Klimt, Gustav - O Beijo
Os
místicos e os apaixonados concordam em que o amor não tem razões.
Angelus Silésius, místico medieval, disse que ele é como a rosa:
"A rosa não tem "porquês". Ela floresce porque
floresce."
Drummond
repetiu a mesma coisa no seu poema As Sem-Razões do Amor. É possível
que ele tenha se inspirado nestes versos mesmo sem nunca os ter lido, pois
as coisas do amor circulam com o vento.
"Eu
te amo porque te amo..." - sem razões... "Não precisas ser
amante, e nem sempre sabes sê-lo." Meu amor independe do que me
fazes. Não cresce do que me dás. Se fosse assim ele flutuaria ao sabor
dos teus gestos. Teria razões e explicações. Se um dia teus gestos de
amante me faltassem, ele morreria como a flor arrancada da terra.
"Amor
é estado de graça e com amor não se paga."
Nada
mais falso do que o ditado popular que afirma que "amor com amor se
paga". O amor não é regido pela lógica das trocas comerciais. Nada te devo. Nada
me deves. Como a rosa que floresce porque floresce, eu te amo porque te
amo. "Amor é dado de graça, é semeado no vento, na cachoeira, no
eclipse. Amor foge a dicionários e a regulamentos vários... Amor não se
troca... Porque amor é amor a nada, feliz e forte em si mesmo..."
Drummond
tinha de estar apaixonado ao escrever estes versos. Só os apaixonados
acreditam que o amor seja assim, tão sem razões. Mas eu, talvez por não
estar apaixonado (o que é uma pena...), suspeito que o coração tenha
regulamentos e dicionários, e Pascal me apoiaria, pois foi ele quem disse
que "o coração tem razões que a própria razão desconhece".

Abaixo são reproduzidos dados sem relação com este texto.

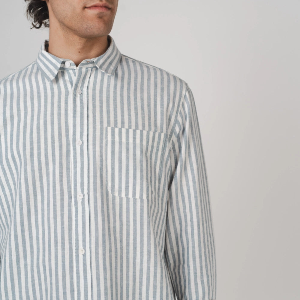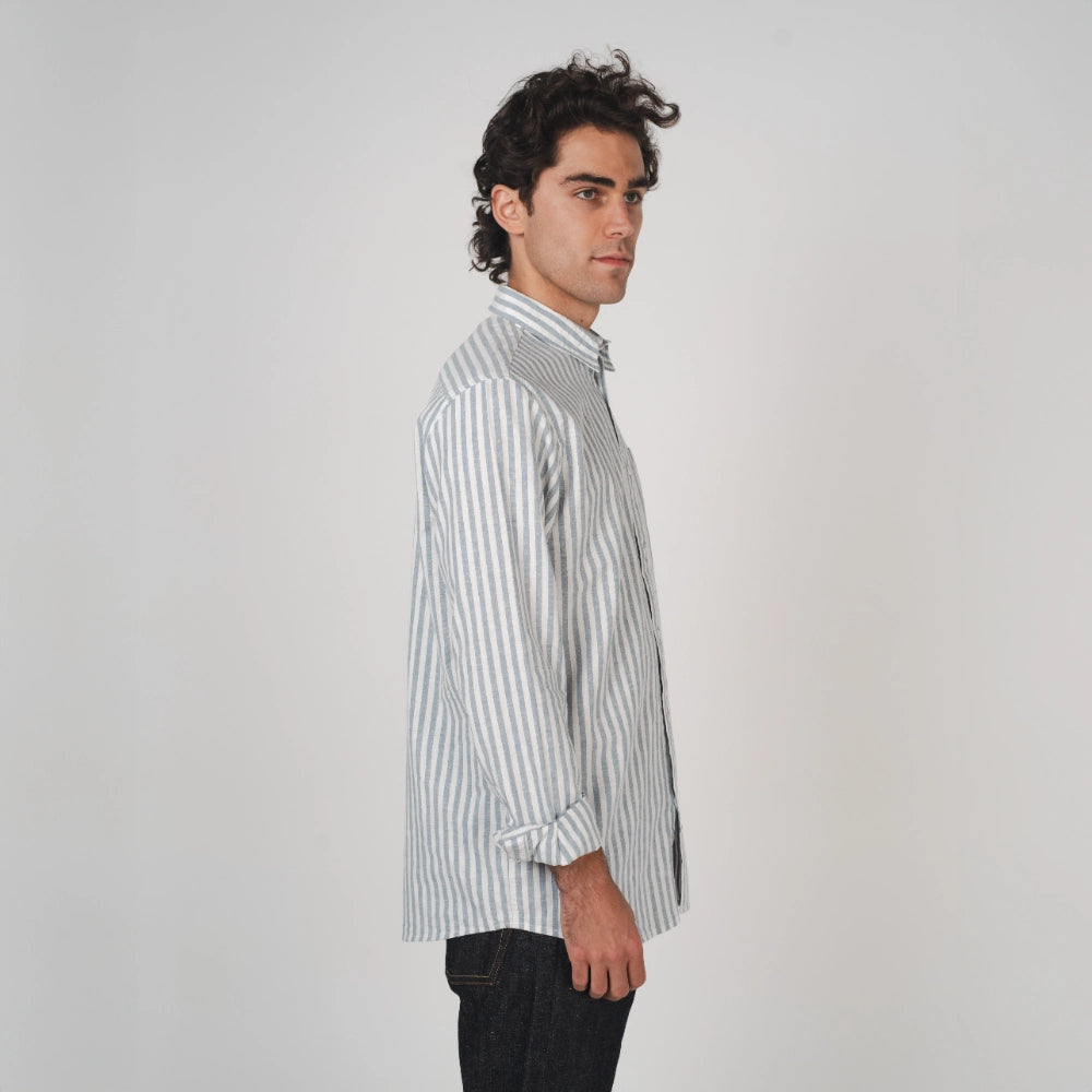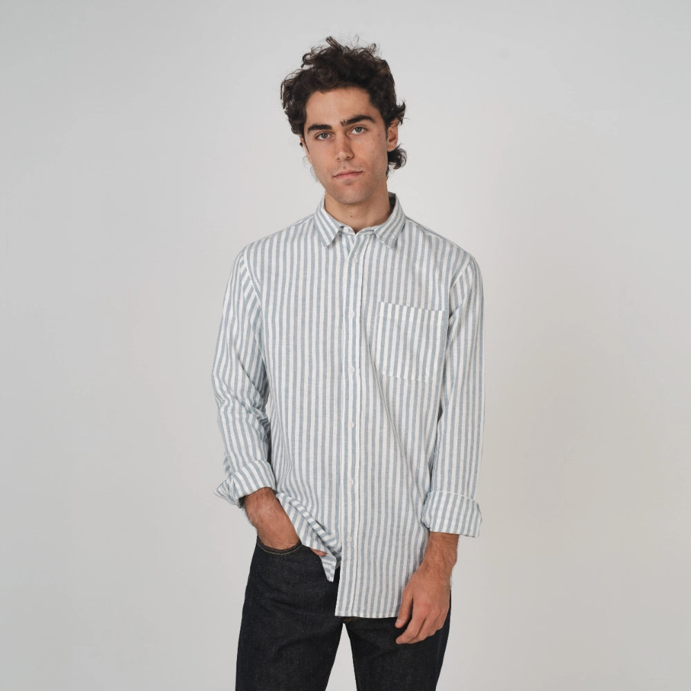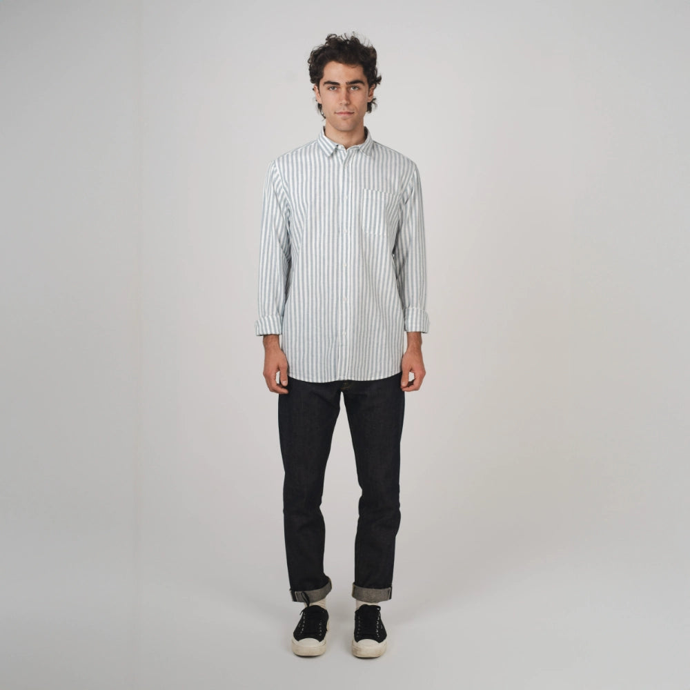 Our men’s Newtown Long Sleeve Shirt is a modern, lightweight shirting staple. Our custom stripe design is crafted from yarn-dyed hemp and organic cotton. Perfect for daytime casual or evening styling, the Newtown is designed for wearability and versatility.
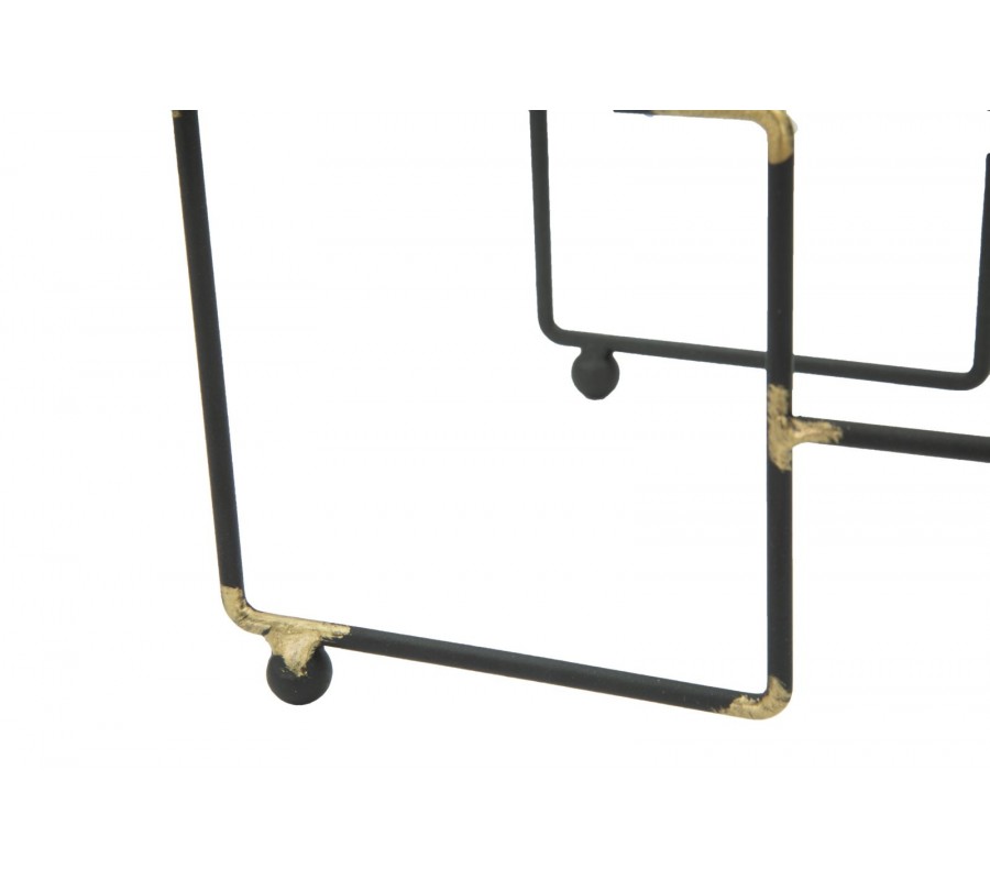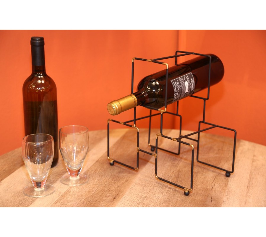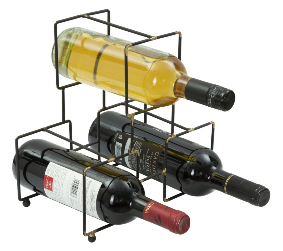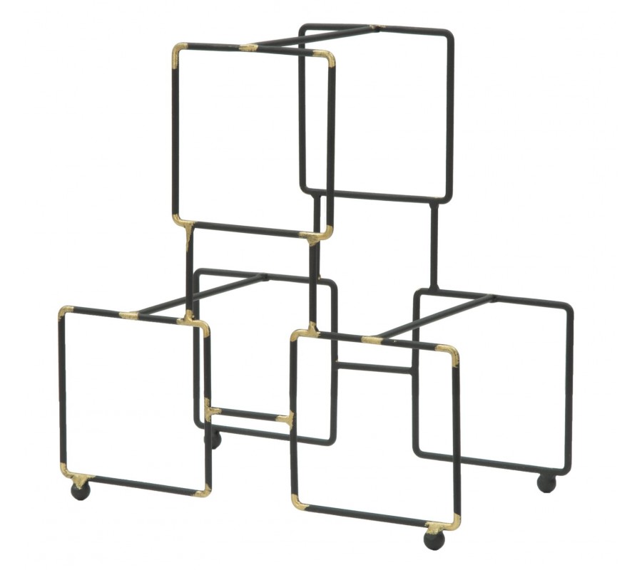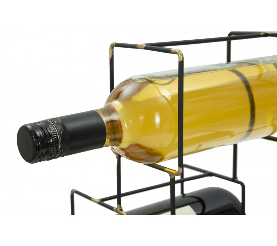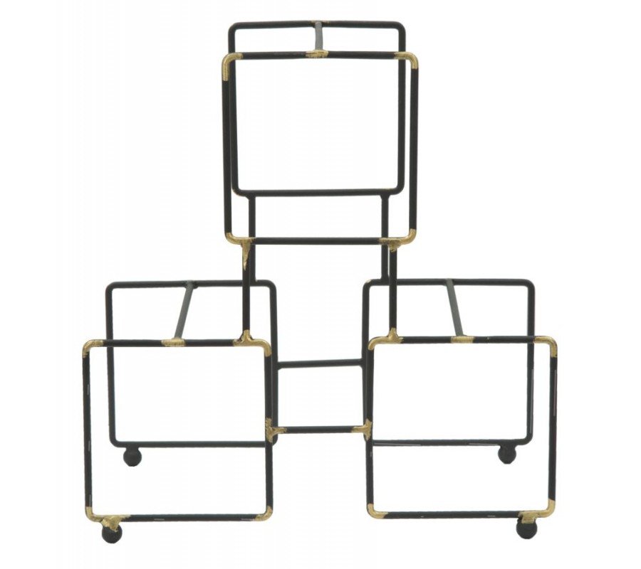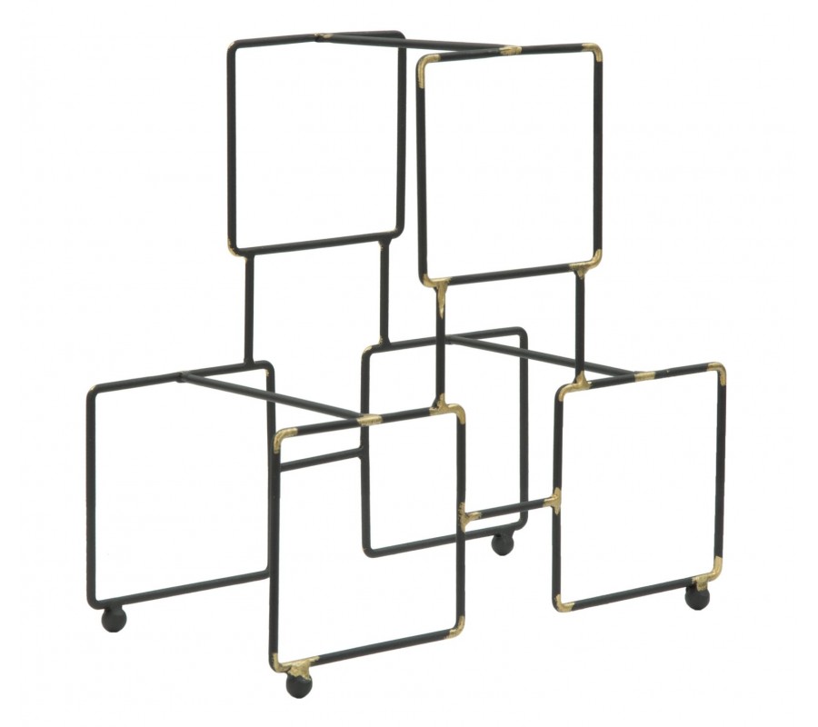 Industriálny stojan na tri fľaše vína Vivien v čiernej farbe so zlatými detailmi v štvorcovom tvare 27 cm

Não é que faltem razões ao coração, mas que suas razões estão
escritas numa língua que desconhecemos.
Destas
razões escritas em língua estranha o próprio Drummond tinha
conhecimento, e se perguntava: "Como decifrar pictogramas de há 10
mil anos se nem sei decifrar minha escrita interior? A verdade essencial
é o desconhecido que me habita e a cada amanhecer me dá um soco." O
amor será isto: um soco que o desconhecido me dá?
Ao
apaixonado a decifração desta língua está proibida, pois se ele a
entender, o amor se irá. Como na história de Barba Azul: se a porta
proibida for aberta, a felicidade estará perdida. Foi assim que o paraíso
se perdeu: quando o amor - frágil bolha de sabão - não contente com sua
felicidade inconsciente, se deixou morder pelo desejo de saber. O amor não
sabia que sua felicidade só pode existir na ignorância das suas razões.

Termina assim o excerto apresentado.